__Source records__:
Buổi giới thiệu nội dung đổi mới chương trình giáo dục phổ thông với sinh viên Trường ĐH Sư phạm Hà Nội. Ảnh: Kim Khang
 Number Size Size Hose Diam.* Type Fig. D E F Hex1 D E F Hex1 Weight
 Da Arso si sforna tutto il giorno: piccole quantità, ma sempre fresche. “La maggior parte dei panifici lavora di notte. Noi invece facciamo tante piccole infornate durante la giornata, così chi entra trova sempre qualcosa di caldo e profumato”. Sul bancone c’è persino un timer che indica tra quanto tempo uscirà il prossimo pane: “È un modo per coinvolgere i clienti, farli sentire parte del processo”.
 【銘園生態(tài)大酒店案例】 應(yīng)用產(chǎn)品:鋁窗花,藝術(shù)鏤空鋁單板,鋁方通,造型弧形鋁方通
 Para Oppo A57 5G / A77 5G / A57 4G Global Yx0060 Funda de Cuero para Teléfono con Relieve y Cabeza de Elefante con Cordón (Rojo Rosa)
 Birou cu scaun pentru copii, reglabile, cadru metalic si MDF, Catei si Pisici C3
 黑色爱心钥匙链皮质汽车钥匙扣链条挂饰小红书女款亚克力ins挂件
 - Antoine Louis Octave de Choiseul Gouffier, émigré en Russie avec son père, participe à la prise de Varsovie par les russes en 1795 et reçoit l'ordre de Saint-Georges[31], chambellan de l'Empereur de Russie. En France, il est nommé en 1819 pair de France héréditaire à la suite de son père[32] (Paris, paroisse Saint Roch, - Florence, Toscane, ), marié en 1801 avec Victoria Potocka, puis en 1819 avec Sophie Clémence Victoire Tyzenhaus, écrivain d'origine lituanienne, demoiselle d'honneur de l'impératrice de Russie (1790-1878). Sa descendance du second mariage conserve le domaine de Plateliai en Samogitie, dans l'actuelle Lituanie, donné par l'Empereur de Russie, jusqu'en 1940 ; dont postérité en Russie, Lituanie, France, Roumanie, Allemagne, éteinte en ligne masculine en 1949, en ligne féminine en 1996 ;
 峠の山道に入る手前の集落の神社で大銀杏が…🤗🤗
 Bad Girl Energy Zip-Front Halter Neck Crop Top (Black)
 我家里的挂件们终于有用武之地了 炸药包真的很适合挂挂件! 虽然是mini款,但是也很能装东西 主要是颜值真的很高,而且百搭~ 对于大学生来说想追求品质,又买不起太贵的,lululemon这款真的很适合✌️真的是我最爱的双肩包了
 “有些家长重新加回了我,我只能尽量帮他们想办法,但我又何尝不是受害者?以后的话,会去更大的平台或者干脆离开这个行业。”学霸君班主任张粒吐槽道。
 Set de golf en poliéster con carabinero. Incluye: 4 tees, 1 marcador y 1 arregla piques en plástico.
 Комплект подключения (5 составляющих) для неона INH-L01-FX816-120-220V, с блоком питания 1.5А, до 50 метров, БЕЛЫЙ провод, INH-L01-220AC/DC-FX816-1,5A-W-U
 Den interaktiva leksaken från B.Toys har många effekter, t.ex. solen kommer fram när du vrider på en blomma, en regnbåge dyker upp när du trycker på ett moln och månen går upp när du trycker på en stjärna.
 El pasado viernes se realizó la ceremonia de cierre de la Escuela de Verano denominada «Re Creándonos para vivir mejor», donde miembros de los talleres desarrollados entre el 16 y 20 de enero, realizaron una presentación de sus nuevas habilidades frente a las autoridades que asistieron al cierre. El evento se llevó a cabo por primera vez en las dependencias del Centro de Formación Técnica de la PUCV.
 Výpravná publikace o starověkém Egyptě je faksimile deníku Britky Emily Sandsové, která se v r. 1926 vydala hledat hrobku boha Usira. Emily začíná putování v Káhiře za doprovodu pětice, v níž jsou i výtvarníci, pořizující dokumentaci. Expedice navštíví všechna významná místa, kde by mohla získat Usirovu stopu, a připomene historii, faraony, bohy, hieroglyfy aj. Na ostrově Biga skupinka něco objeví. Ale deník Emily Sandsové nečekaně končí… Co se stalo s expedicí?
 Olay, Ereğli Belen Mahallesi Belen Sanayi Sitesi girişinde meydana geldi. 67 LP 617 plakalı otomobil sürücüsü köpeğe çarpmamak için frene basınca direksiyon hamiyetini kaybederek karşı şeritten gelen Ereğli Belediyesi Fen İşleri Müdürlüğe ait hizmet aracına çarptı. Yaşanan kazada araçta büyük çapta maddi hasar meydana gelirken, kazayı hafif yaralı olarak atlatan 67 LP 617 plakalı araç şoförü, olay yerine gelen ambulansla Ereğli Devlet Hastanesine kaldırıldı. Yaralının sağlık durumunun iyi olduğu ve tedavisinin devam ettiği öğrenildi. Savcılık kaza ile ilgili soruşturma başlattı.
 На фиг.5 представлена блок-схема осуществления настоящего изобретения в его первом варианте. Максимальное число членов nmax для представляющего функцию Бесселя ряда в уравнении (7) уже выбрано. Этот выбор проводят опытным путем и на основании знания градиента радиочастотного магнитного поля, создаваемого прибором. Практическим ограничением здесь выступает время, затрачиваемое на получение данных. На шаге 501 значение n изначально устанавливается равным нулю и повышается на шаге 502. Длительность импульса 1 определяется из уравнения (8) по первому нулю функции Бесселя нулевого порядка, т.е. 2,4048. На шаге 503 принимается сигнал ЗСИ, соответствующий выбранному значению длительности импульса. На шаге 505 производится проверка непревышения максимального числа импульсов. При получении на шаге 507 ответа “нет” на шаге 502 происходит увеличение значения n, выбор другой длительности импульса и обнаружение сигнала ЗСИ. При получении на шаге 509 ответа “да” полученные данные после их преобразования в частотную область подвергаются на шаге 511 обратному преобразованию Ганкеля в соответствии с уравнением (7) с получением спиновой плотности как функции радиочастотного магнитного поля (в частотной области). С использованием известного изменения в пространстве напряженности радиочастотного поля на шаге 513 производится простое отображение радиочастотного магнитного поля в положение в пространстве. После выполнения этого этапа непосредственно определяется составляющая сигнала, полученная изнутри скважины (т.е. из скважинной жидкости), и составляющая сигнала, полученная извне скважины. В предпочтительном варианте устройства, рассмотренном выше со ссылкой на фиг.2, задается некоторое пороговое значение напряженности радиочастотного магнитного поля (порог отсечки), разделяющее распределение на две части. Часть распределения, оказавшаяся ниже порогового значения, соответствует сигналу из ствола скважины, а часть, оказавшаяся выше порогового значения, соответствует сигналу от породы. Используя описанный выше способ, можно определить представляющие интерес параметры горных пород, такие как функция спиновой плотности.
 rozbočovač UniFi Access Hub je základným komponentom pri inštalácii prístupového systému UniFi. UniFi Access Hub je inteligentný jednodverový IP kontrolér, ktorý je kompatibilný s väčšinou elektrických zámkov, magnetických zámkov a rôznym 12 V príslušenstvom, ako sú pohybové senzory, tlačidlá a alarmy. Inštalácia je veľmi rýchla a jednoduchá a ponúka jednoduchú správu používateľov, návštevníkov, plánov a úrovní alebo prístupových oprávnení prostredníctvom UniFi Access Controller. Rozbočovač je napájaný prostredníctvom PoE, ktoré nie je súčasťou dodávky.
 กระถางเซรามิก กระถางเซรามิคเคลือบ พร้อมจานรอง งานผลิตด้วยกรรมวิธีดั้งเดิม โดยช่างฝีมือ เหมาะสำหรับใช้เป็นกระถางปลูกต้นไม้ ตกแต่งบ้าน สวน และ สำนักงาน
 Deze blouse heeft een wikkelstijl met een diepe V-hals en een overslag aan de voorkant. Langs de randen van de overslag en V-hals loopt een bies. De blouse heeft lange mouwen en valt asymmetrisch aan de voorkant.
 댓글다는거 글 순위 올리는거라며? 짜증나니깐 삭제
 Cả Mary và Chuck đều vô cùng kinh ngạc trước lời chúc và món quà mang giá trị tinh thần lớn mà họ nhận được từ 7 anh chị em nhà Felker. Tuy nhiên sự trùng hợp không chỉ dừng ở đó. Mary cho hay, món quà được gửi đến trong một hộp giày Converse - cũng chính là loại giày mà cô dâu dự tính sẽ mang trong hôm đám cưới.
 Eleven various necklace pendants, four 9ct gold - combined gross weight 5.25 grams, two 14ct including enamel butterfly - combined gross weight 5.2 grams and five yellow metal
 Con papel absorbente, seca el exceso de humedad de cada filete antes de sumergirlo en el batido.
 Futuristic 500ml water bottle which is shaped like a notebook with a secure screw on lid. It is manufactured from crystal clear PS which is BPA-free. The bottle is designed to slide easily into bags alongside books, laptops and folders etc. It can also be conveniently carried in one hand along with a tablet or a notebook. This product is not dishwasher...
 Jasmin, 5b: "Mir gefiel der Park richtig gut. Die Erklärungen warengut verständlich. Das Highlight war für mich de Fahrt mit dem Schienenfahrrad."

__TASK DETAILS__: Above are the entries. Output exactly the lines beginning with the line that has "กระถางเซรามิก กระถางเซรามิคเคลือบ พร้อมจานรอง" and ending with the line that has "댓글다는거 글 순위 올리는거라며? 짜증나니깐 삭제".

__TASK OUTPUT__:
 กระถางเซรามิก กระถางเซรามิคเคลือบ พร้อมจานรอง งานผลิตด้วยกรรมวิธีดั้งเดิม โดยช่างฝีมือ เหมาะสำหรับใช้เป็นกระถางปลูกต้นไม้ ตกแต่งบ้าน สวน และ สำนักงาน
 Deze blouse heeft een wikkelstijl met een diepe V-hals en een overslag aan de voorkant. Langs de randen van de overslag en V-hals loopt een bies. De blouse heeft lange mouwen en valt asymmetrisch aan de voorkant.
 댓글다는거 글 순위 올리는거라며? 짜증나니깐 삭제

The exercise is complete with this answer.